O País – A verdade como notícia

Ungulani ba ka Khosa o interpelador da História

Numa altura em que o escritor Ungulani Ba Ka Khosa completa 60 anos de idade e 30 de careira literária, o que lhe valeu duas homenagens, uma pela SOICO e outra pela Universidade Pedagógica (UP), a professora e ensaísta Fátima Mendonça, da Universidade Eduardo Mondlane, residente em Portugal, publica, em exclusivo neste órgão, um texto inédito sobre o autor. A seguir, o estudo completo.  

Fátima Mendonça
Universidade Eduardo Mondlane
CLEPUL-Universidade de Lisboa

Nasci às 0.45 do dia 1 de Agosto de 1957 em Inhaminga, Sofala. O resto não interessa, pois segundo Roland Barthes.´´só há biografia enquanto a vida é improdutiva´´.Desde que produzo, desde que escrevo, é o próprio texto que se apropria (felizmente) do meu tempo narrativo´´Ungulani ba ka Khosa in Orgia dos Loucos.

Introdução

UNGULANI BA KA KHOSA, nome literário de Francisco Esaú Cossa, pertence à geração de jovens, conhecida como Geração do 8 de Março, que mercê de uma directiva do Presidente Samora Machel, ingressaram a partir de 1977 na Universidade Eduardo Mondlane a fim de aí completarem, de forma faseada, cursos de formação de professores nas várias áreas de ensino. Francisco Esaú Cossa formar-se-ia então na recém-criada Faculdade de Educação em 1978 e 1980 como professor de História e Geografia, tendo sido colocado na província do Niassa. De regresso a Maputo em 1982 ingressou no Ministério da Cultura. Posteriormente exerceu o cargo de director adjunto do Instituto Nacional de Cinema e Audiovisual de Moçambique, sendo actualmente director do Instituto Nacional do Livro e do Disco. Em 2003 Ungulani ba ka Khosa foi homenageado pela CPLP- Comunidade dos Países de Língua Portuguesa, e recebeu o Prémio José Craveirinha, em 2007.
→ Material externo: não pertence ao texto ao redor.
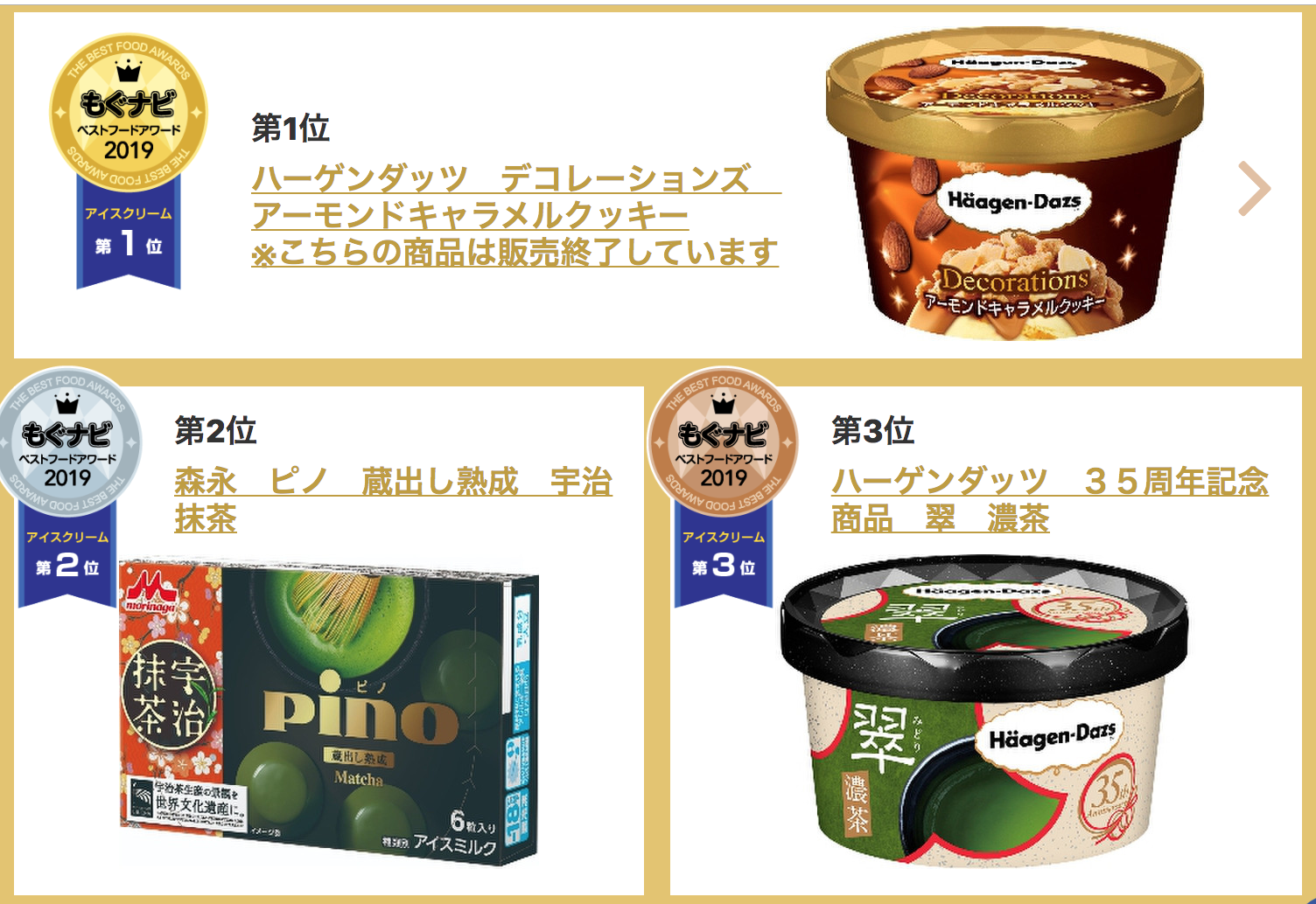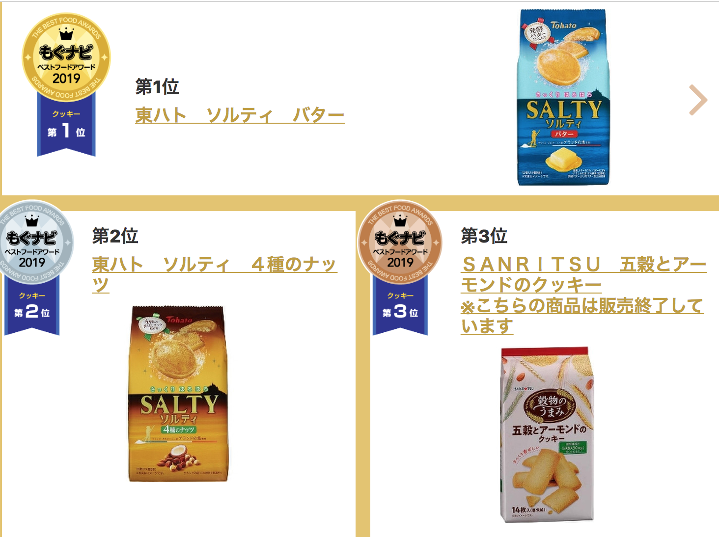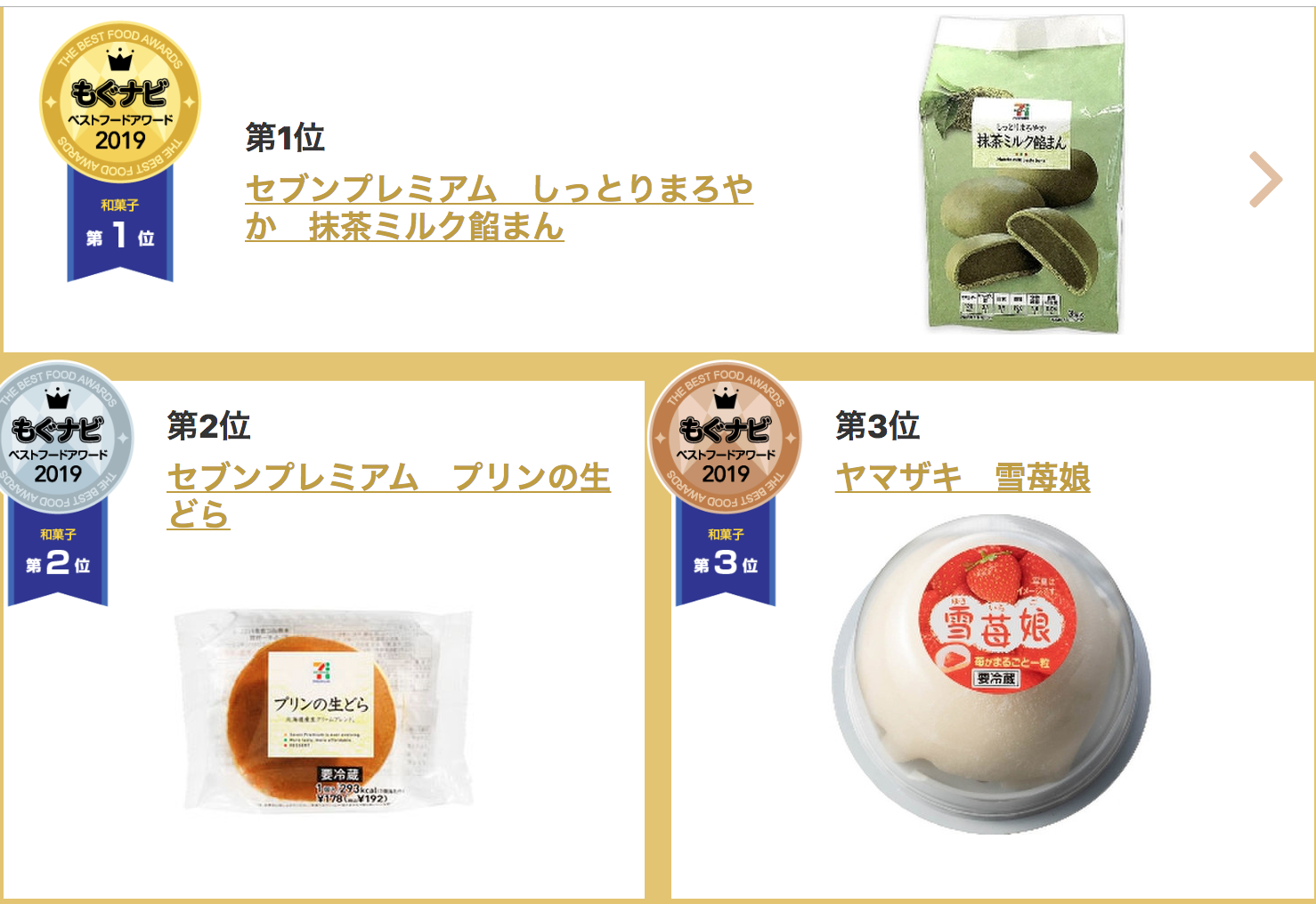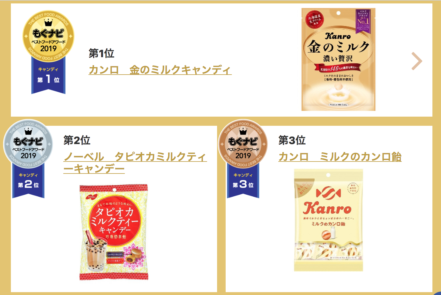日本最大的零食网站每天都会在年中和年末发布日本零食大赏榜单,根据网友的点评总结一下这一段时间内最受欢迎的人气零食。 先看一下TOP3选手。 但是根据mognavi的信息显示,该产品已停产,感到错过了好几个夏天…… TOP2 Tohato咸味黄油饼干 这个牌子的饼干有很多风味,而这款带一点咸味的黄油味饼干本次上榜了前三甲。柔软蓬松又温柔的黄油味,搭配上适度的咸味,更好地提出了黄油的甜味,让人停不下来。 TOP3 日清食品杯装方便面原味 淳朴的日清杯面一直是前三名霸主,在去年同期的榜单中也是前三名选手。 它相比一般的泡面味道更清淡,汤底也更浓厚。颁奖词里是这么说的:“永远不枯燥的杰作”。大概这就是零食界的百搭万能基本款吧。 除了综合大赏外,各种类零食部门赏也非常值得一看! 第1名kanro北海道香浓牛奶糖 第2名NOBEL珍珠奶茶糖 第3名KANRO牛奶糖 其中获得第一名的kanro北海道香浓牛奶糖是选用“牛奶最好喝”的北海道优质牛奶制成的,奶香浓郁回味无穷。是专为“大人”精心挑选食材,追求奢华感的高档牛奶糖。 第1名松尾黄豆粉年糕夹心巧克力 第2名森永朗姆酒葡萄夹心白巧克力 第3名KANRO 获得第一名的黄豆粉年糕夹心巧克力……等等,这是巧克力吗? 是的!由年糕和生巧克力组成了绝妙搭配!黄豆粉味的巧克力有着浓郁的豆香,软糯Q弹,难怪会勇夺巧克力榜单第一名。失敬了,年糕君。 布丁大赏 第1名OHAYO生乳皇家布丁 第2名OHAYO北海道浓郁芝士牛乳烤布丁 第3名MeitoMeito布丁 布丁榜单的前两名被OHAYO这个品牌霸榜,生乳皇家布丁和北海道浓郁芝士牛乳烤布丁听起来都非常诱人。 其中,获得第一名的生乳皇家布丁有两层式奶油布丁,含丰富的泽西岛牛奶,质地嫩滑香醇。 冰淇淋大赏 第1名哈根达斯杏仁焦糖饼干冰淇淋 第2名森永pino宇治抹茶冰淇淋 第3名哈根达斯MINICUP翠浓茶 饼干大赏 第1名Tohato咸味黄油饼干 第2名Tohato咸味坚果饼干 第3名SANRITSU五谷杏仁饼干 小吃大赏 第1名湖池屋干酪味薯条脆条 第2名湖池屋浓缩玉米味脆条 第3名calbee土豆沙拉薯条 杯面大赏 第1名日清食品杯装方便面原味 第2名日清食品杯装方便面咖喱风味 第3名日清食品杯装方便面海鲜风味 和果子大赏 第1名7-11抹茶牛奶馅馒头 第2名7-11布丁生铜锣烧 第3名山崎制雪莓娘草莓大福 咖啡大赏 第1名町村农场焦糖拿铁咖啡 第2名森永乳业咖啡拿铁焦糖风味 第3名森永乳业咖啡拿铁黑枫糖风味 红茶大赏 第1名麒麟午后红茶无蔗糖风味 第2名麒麟午后红茶名人系列奶茶 第3名CocaCola紅茶花伝浓厚皇家奶茶 碳酸饮料大赏 第1名麒麟METS超碳酸麝香葡萄味 第2名麒麟柠檬味汽水 第3名日本可口可乐0卡路里系列 酒精饮料部门 1位麒麟strong柠檬可乐无糖碳酸酒 2位三得利微醺橘子果酒 3位三得利微醺冰红茶风味 下次飞机一降落在日本,就冲着最近的便利店照着买一遍吧。暂时没有去往日本的出行计划的话,好消息是,这个榜单里有一些在国内也能买到的世界性零食。 感谢便利店,感谢可以认真吃喝的每一天哦。

O seu nome tsonga, Ungulani ba ka Khosa, seria o que viria a adoptar ao publicar Ualalapi, em 1987, dando sequência à publicação em 1982, no Diário de Moçambique na Beira, de um conto intitulado Dirce minha deusa nossa deusa .

Em 1988 Ualalapi o recebeu o Prémio Gazeta de Ficção Narrativa e, em 1991, o Prémio nacional de ficção narrativa, instituido pela AEMO, em ex-aequo com Vozes Anoitecidas de Mia Couto. Consta da lista dos cem melhores livros africanos do século XX conjuntamente com Nós matámos o cão tinhoso de Luis Bernardo Honwana e Terra sonâmbula de Mia Couto.

Para além da sua actividade como ficcionista, Ungulani ba ka Khosa tem participado activamente em debates na Imprensa escrita, com a publicação regular de crónicas em vários jornais. O estilo provocatório e irreverente com que enfrenta os variados problemas que aborda tornaram-no uma referência nacional e consagraram a sua popularidade, com destaque para as camadas jovens urbanas, o que é visível na afluência aos lançamentos dos seus livros.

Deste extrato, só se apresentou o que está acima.